Work instructions
The required output holds only the lines from the one containing "Over the last" through the end of the material below, copied exactly, please, with no pictures.

Supplied material
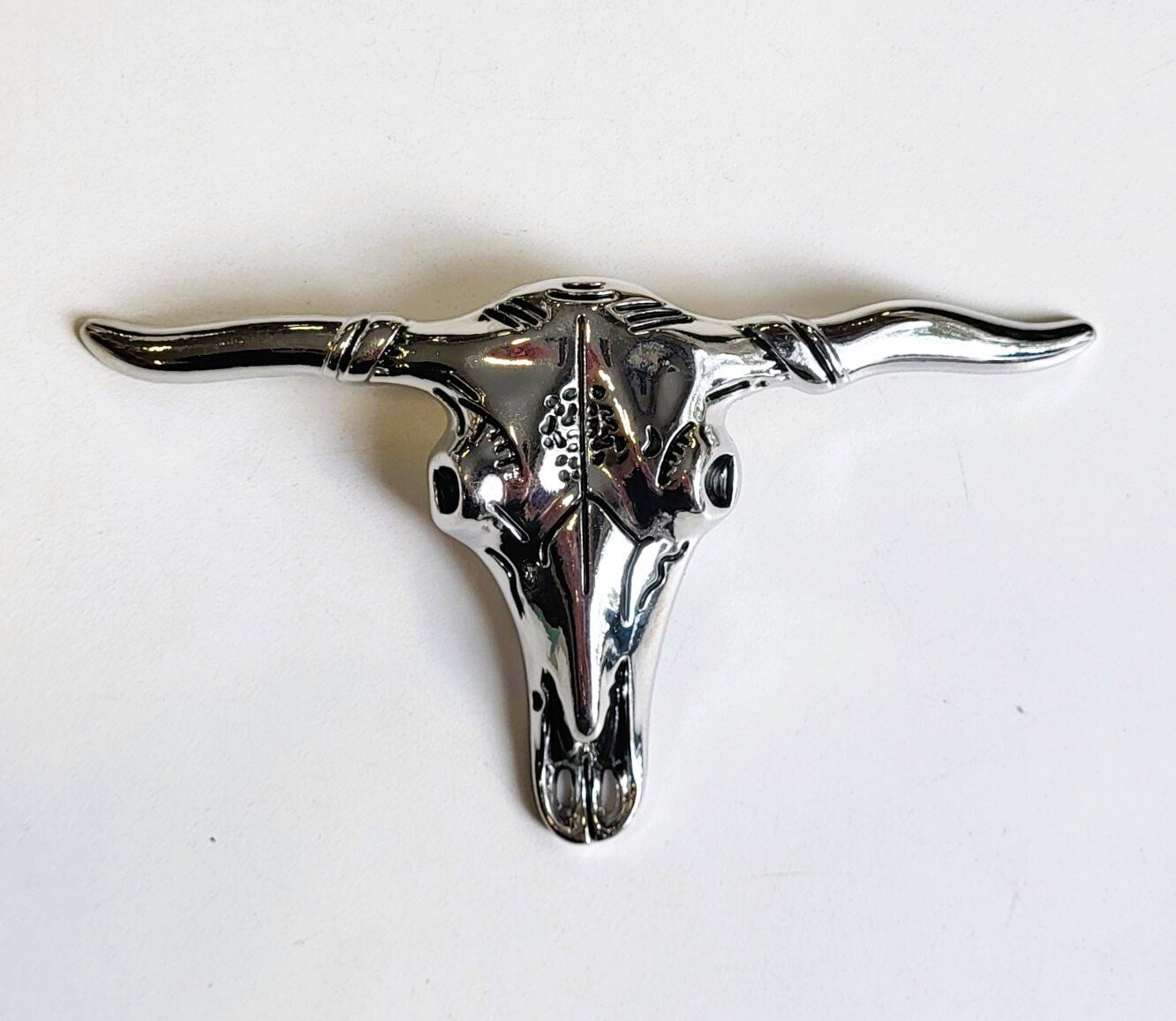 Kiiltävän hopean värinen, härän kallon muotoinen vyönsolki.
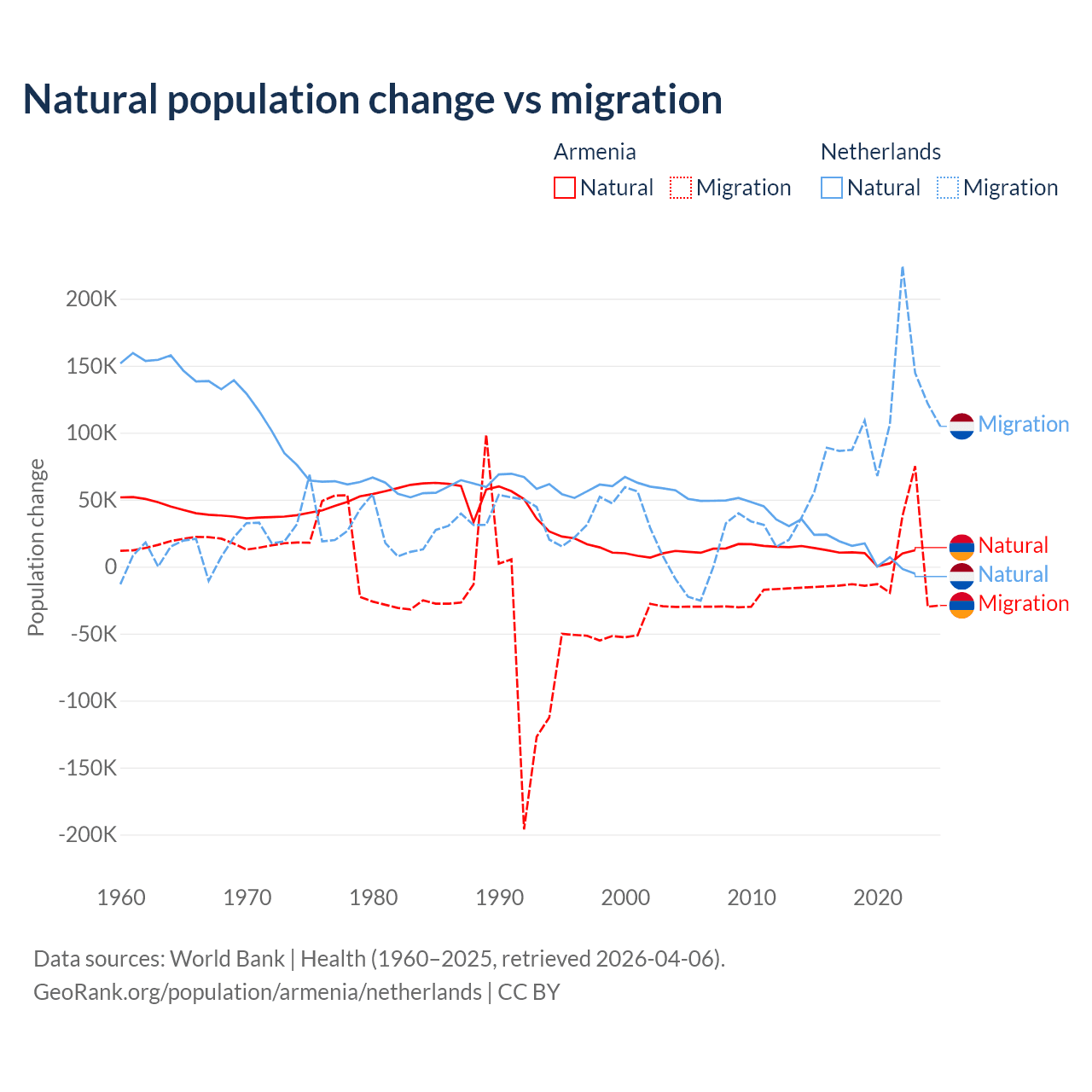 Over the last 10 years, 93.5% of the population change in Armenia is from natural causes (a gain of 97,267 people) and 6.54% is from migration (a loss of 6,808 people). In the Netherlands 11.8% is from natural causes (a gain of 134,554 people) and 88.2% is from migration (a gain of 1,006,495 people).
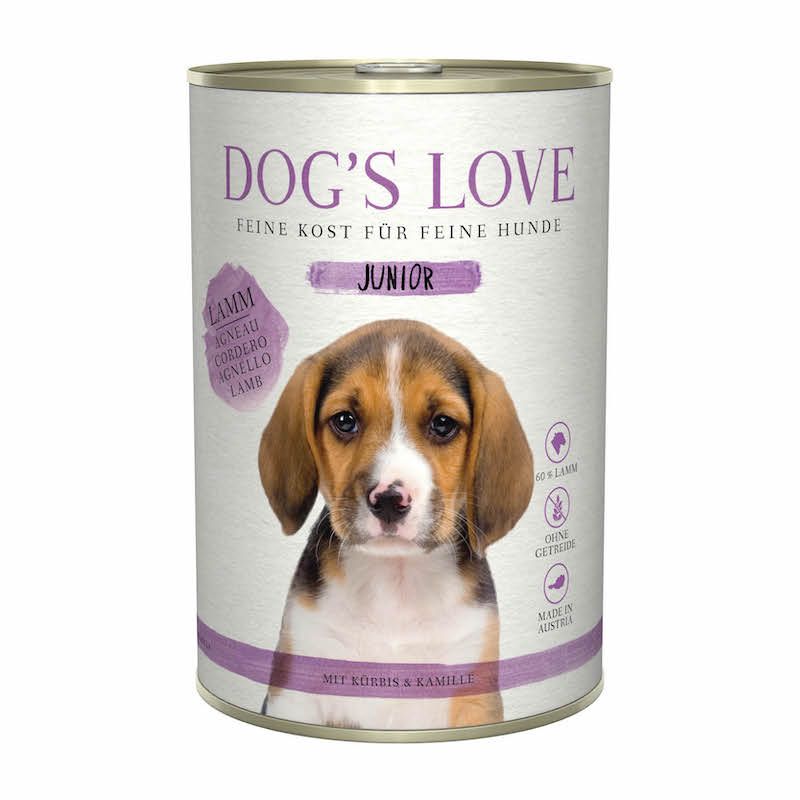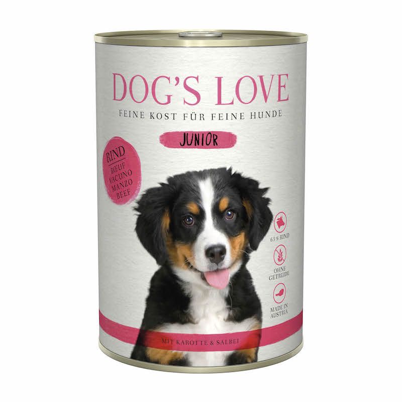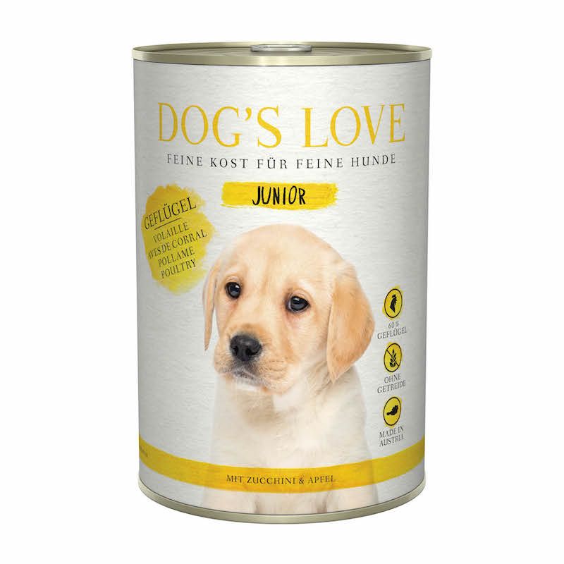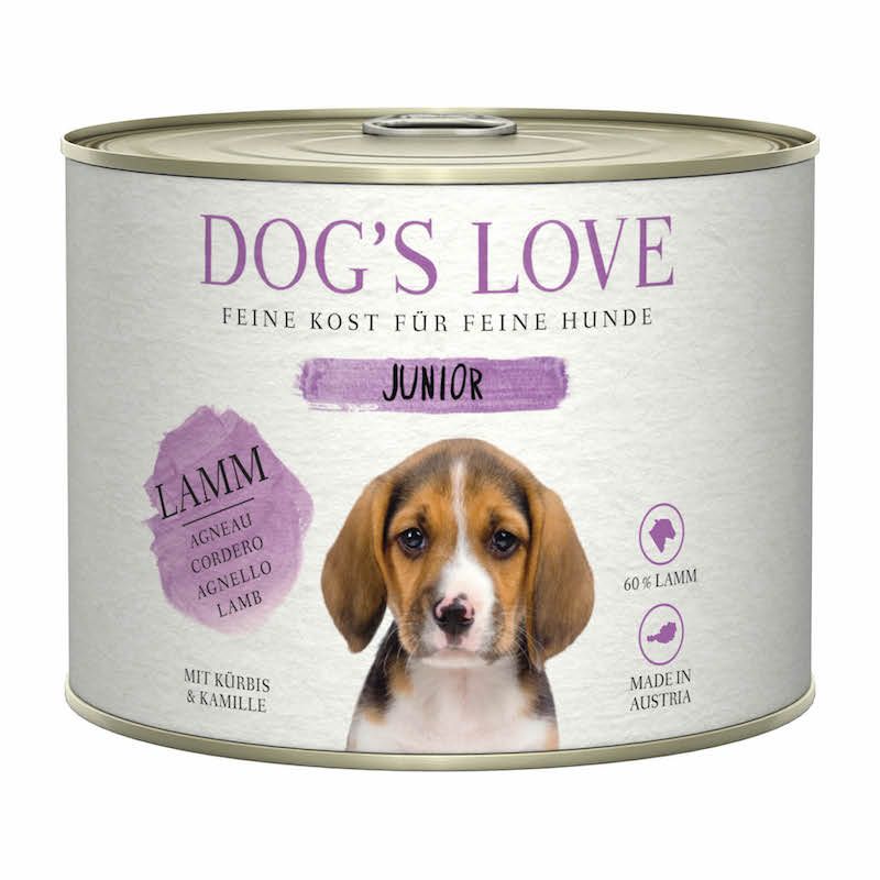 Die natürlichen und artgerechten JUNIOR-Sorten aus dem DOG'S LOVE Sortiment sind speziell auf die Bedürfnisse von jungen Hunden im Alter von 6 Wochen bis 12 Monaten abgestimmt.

Written answer
 Over the last 10 years, 93.5% of the population change in Armenia is from natural causes (a gain of 97,267 people) and 6.54% is from migration (a loss of 6,808 people). In the Netherlands 11.8% is from natural causes (a gain of 134,554 people) and 88.2% is from migration (a gain of 1,006,495 people).
 Die natürlichen und artgerechten JUNIOR-Sorten aus dem DOG'S LOVE Sortiment sind speziell auf die Bedürfnisse von jungen Hunden im Alter von 6 Wochen bis 12 Monaten abgestimmt.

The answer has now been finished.